◆ Exercise directions
Without the images, write out the whole listing exactly.

*** Opening of Information provided ***

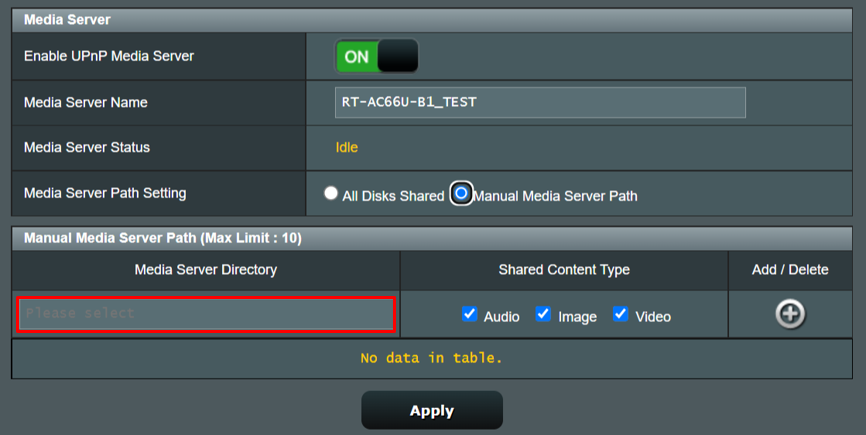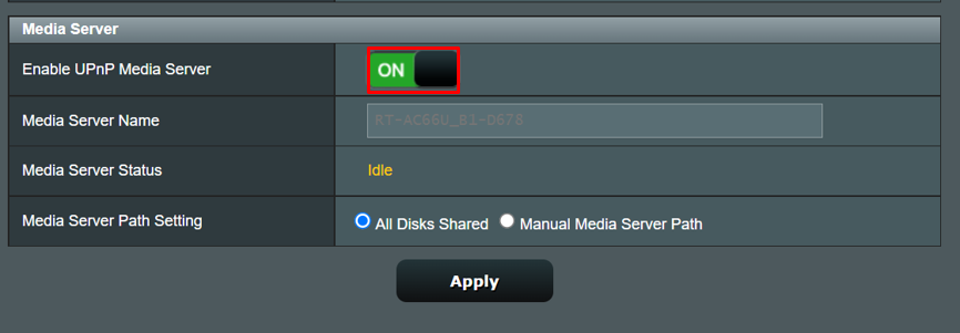 Включить общий доступ к мультимедиа — Включить функцию мультимедийного сервера, вы можете нажать здесь , чтобы получить дополнительную информацию.
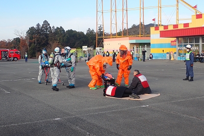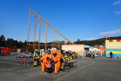 訓練想定は、加東市黒谷東条湖おもちゃ王国の屋外駐車場にて「イベント開催中に不審人物により液体をまかれた。」との通報で開始され、兵庫県警察による不審人物の検挙、北はりま消防組合の複数隊が負傷者の救出活動、除染活動、救急活動等を実施しました。
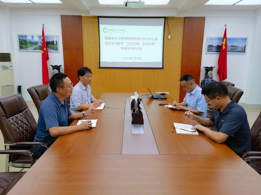 7月30日,学院党委理论学习中心组召开会议,专题学习研讨党的工作纪律、生活纪律。学院党委理论学习中心组成员参加学习研讨。学习研讨由学院党委书记方明科主持。
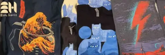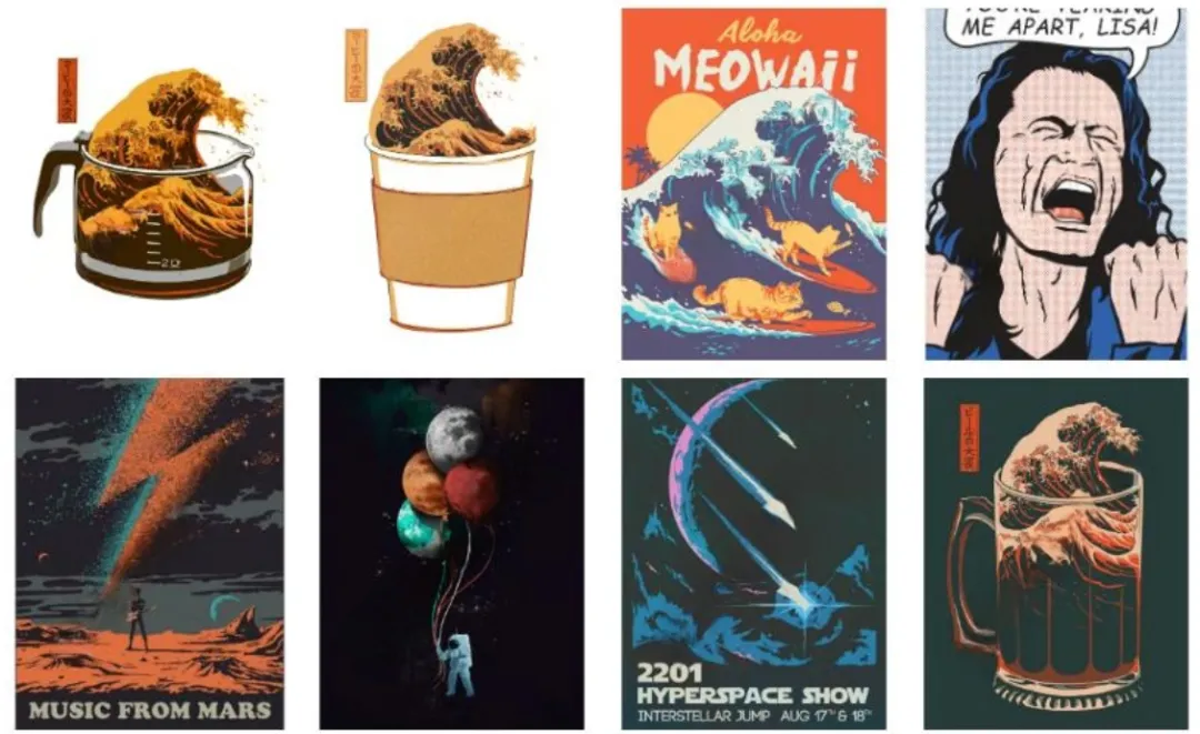 原告艺名 Elanh,来自美国布鲁克林的独立插画师与视觉艺术家,其作品融合了复古、未来与梦境元素,常见几何线条、柔和配色与极具节奏感的构图风格,既有装饰艺术(Art Deco)的优雅,又带着现代平面设计的简洁。

*** Close of Information provided ***

◆ Answer to this problem
 Включить общий доступ к мультимедиа — Включить функцию мультимедийного сервера, вы можете нажать здесь , чтобы получить дополнительную информацию.
 訓練想定は、加東市黒谷東条湖おもちゃ王国の屋外駐車場にて「イベント開催中に不審人物により液体をまかれた。」との通報で開始され、兵庫県警察による不審人物の検挙、北はりま消防組合の複数隊が負傷者の救出活動、除染活動、救急活動等を実施しました。
 7月30日,学院党委理论学习中心组召开会议,专题学习研讨党的工作纪律、生活纪律。学院党委理论学习中心组成员参加学习研讨。学习研讨由学院党委书记方明科主持。
 原告艺名 Elanh,来自美国布鲁克林的独立插画师与视觉艺术家,其作品融合了复古、未来与梦境元素,常见几何线条、柔和配色与极具节奏感的构图风格,既有装饰艺术(Art Deco)的优雅,又带着现代平面设计的简洁。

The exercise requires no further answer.